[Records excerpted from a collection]
- Opening Delimiter -

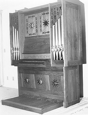 Steve Repasky on May 6th, 2024: Stoplist: Manual I 8' Quintadena; Manual II 8' Rohrflöte; Pedal 8' Gedackt. Manuals share 12 note common bass pipes.
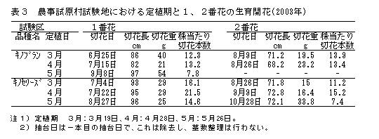 寒冷地から寒地でシネンシス系ハイブリッドスターチス「キノブラン」、「キノセリーズ」の低温遭遇苗を3月~4月下旬に定植し、無加温栽培すれば、1番花を6月~7月、以後2番花を10月までの期間に出荷することができる。 |
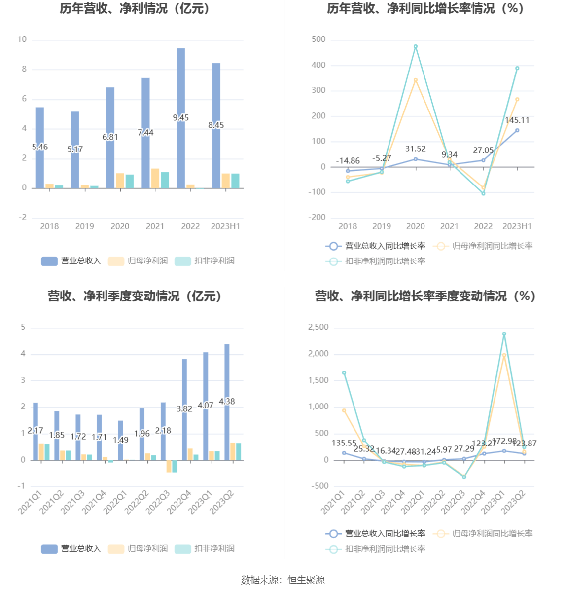 根据半年报,公司第二季度实现营业总收入4.38亿元,同比增长123.87%,环比增长7.63%;归母净利润6553.88万元,同比增长156.93%,环比增长92.17%;扣非净利润6530.35万元,同比增长246.59%,环比增长94.81%。
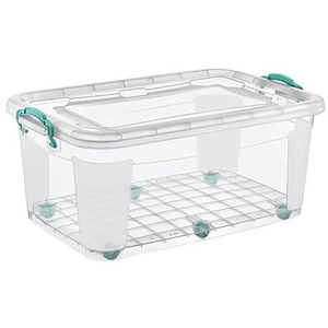 Multibox met wanden en versterkte gladde bodem met honingraatmotief. Praktisch, eenvoudig te reinigen en geschikt voor de vaatwasser. Voorzien van een veiligheidssluiting met vast te klikken handgrepen aan de zijkant. Aangepast overkappend deksel.
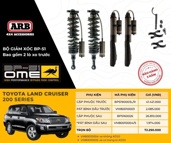 Giảm xóc BP-51 là một trong những dòng giảm xóc cao cấp nhất hiện nay, được ưa chuộng bởi những người đam mê độ xe và yêu cầu cao về khả năng vận hành của xe. Được sản xuất bởi ARB, một thương hiệu nổi tiếng trong lĩnh vực phụ tùng và phụ kiện off-road, BP-51 mang đến những ưu điểm vượt trội so với các dòng giảm xóc thông thường.
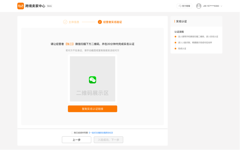 - 正确填写以上信息后,开店人/经营人/法人/董事/管理人进行实名认证,需要使用手机扫描二维码,并根据手机页面提示,完成对应动作,直至手机上提示“实名认证通过”后,在电脑上点击【入驻成功,下一步】,完成认证。
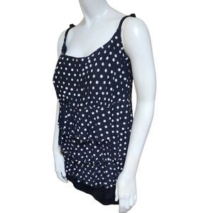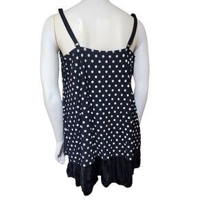 Longitude Many Moons black and white polka dot ruffle one piece swimsuit.
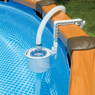 - la présence dans la piscine d'un appareil de nettoyage - un skimmer équipé de filtres profonds, le besoin se fait sentir lors du nettoyage avec un modèle manuel;
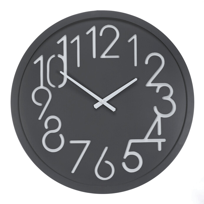 Nástenné hodiny s priemerom 60 cm v tmavosivom prevedení sú vyrobené z MDF materiálu, ktorý zabezpečuje pevnosť a stabilitu. Číselník tvorí výrazné biele číslice v modernom štýle, ktoré kontrastujú s tmavým podkladom a uľahčujú orientáciu na ciferníku. Jednoduché ručičky dopĺňajú minimalistický dizajn, ktorý sa hodí do rôznych interiérov od kancelárií po obývacie izby. Hodiny sú ľahké a ľahko sa zavesia na stenu, čím ponúkajú praktické a zároveň štýlové riešenie na meranie času.
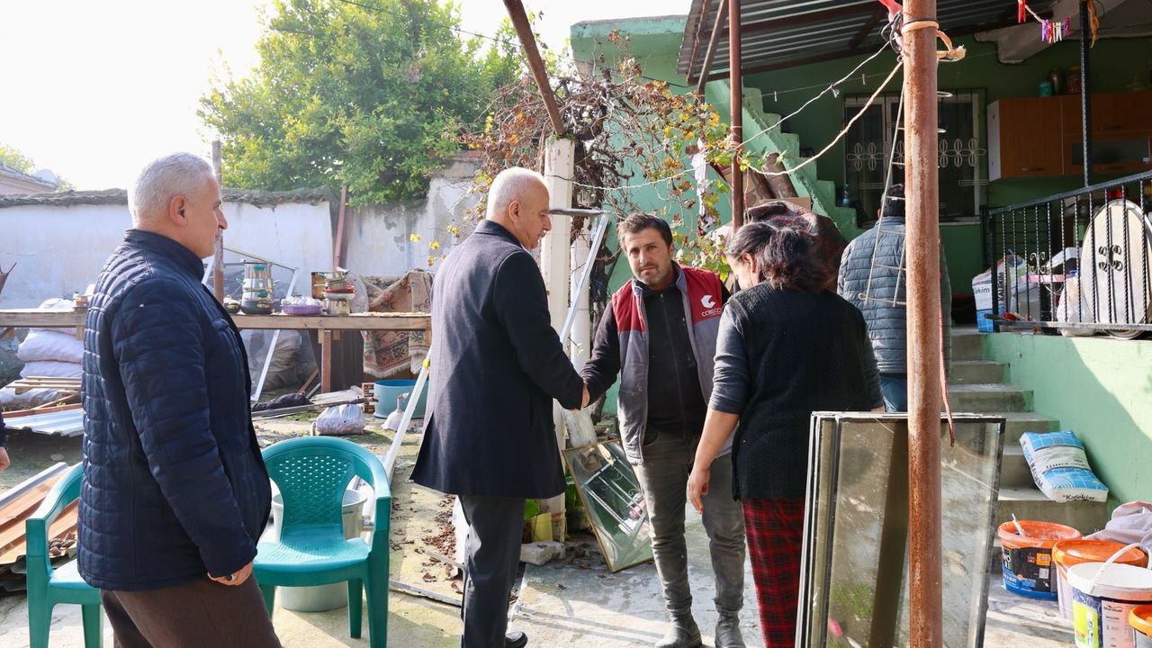 Aydın’ın Çine ilçesinin Yolboyu Mahallesi’nde yaşayan Vesile-Kadir Can çiftinin evlerinde geçtiğimiz günlerde yangın çıktı. Çıkan yangın sonucu Can ailesi evi, zarar gördü. Zor günler geçiren Can ailesine yardımına Çine Belediye Başkanı Mehmet Kıvrak koştu. Başkan Kıvrak, mahalle muhtarı Mustafa İğci ile birlikte Can ailesini ziyaret etti.
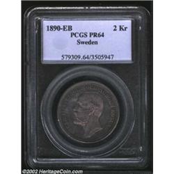 Oscar II 2 kronor 1890-EB, Bust left/Arms with date and value, KM-536, PR64 PCGS. Nice gray and russet toning. Very rare. Important notice: We expect to be auctioning lots at the rate of 200-250 per hour. Sometimes eBay Premier live bid software cannot keep up with that pace, so we strongly recommend that you place a realistic proxy bid now as insurance to avoid disappointment. Also please note that all Heritage/CAA lots purchased through eBay Premier carry a 20% Buyer's Premium. Please make sure you read the Terms and Conditions.

- Closing Delimiter -

__Exercise__.
Leave out the images and write out the lines above exactly, from the one with "根据半年报,公司第二季度实现" up to and including the one with "Longitude Many Moons".

__Your solution__.
 根据半年报,公司第二季度实现营业总收入4.38亿元,同比增长123.87%,环比增长7.63%;归母净利润6553.88万元,同比增长156.93%,环比增长92.17%;扣非净利润6530.35万元,同比增长246.59%,环比增长94.81%。
 Multibox met wanden en versterkte gladde bodem met honingraatmotief. Praktisch, eenvoudig te reinigen en geschikt voor de vaatwasser. Voorzien van een veiligheidssluiting met vast te klikken handgrepen aan de zijkant. Aangepast overkappend deksel.
 Giảm xóc BP-51 là một trong những dòng giảm xóc cao cấp nhất hiện nay, được ưa chuộng bởi những người đam mê độ xe và yêu cầu cao về khả năng vận hành của xe. Được sản xuất bởi ARB, một thương hiệu nổi tiếng trong lĩnh vực phụ tùng và phụ kiện off-road, BP-51 mang đến những ưu điểm vượt trội so với các dòng giảm xóc thông thường.
 - 正确填写以上信息后,开店人/经营人/法人/董事/管理人进行实名认证,需要使用手机扫描二维码,并根据手机页面提示,完成对应动作,直至手机上提示“实名认证通过”后,在电脑上点击【入驻成功,下一步】,完成认证。
 Longitude Many Moons black and white polka dot ruffle one piece swimsuit.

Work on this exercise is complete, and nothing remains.